→ **Input data**
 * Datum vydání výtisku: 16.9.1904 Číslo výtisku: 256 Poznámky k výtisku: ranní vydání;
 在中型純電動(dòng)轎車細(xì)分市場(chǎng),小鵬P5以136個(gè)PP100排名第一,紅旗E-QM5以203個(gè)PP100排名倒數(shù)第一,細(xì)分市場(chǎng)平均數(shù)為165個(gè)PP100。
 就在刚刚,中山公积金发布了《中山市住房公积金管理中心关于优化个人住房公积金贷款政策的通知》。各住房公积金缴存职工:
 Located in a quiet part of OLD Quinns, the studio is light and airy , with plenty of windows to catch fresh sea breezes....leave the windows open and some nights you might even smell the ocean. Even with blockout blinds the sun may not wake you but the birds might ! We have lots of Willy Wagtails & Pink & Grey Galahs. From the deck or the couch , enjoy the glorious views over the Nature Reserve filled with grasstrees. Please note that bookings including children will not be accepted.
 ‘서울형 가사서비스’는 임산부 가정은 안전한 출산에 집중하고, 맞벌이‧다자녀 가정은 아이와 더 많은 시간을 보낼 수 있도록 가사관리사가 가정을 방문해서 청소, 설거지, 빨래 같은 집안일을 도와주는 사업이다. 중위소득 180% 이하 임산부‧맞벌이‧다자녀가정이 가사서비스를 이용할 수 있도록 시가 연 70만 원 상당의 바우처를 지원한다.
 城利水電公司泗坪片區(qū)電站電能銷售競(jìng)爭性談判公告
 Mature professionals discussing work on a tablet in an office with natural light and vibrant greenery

→ **Your goal**
Starting at the line with "就在刚刚,中山公积金发布了《", restate each line through the end of the records, both ends included, and stop there.

→ **Expected answer**
 就在刚刚,中山公积金发布了《中山市住房公积金管理中心关于优化个人住房公积金贷款政策的通知》。各住房公积金缴存职工:
 Located in a quiet part of OLD Quinns, the studio is light and airy , with plenty of windows to catch fresh sea breezes....leave the windows open and some nights you might even smell the ocean. Even with blockout blinds the sun may not wake you but the birds might ! We have lots of Willy Wagtails & Pink & Grey Galahs. From the deck or the couch , enjoy the glorious views over the Nature Reserve filled with grasstrees. Please note that bookings including children will not be accepted.
 ‘서울형 가사서비스’는 임산부 가정은 안전한 출산에 집중하고, 맞벌이‧다자녀 가정은 아이와 더 많은 시간을 보낼 수 있도록 가사관리사가 가정을 방문해서 청소, 설거지, 빨래 같은 집안일을 도와주는 사업이다. 중위소득 180% 이하 임산부‧맞벌이‧다자녀가정이 가사서비스를 이용할 수 있도록 시가 연 70만 원 상당의 바우처를 지원한다.
 城利水電公司泗坪片區(qū)電站電能銷售競(jìng)爭性談判公告
 Mature professionals discussing work on a tablet in an office with natural light and vibrant greenery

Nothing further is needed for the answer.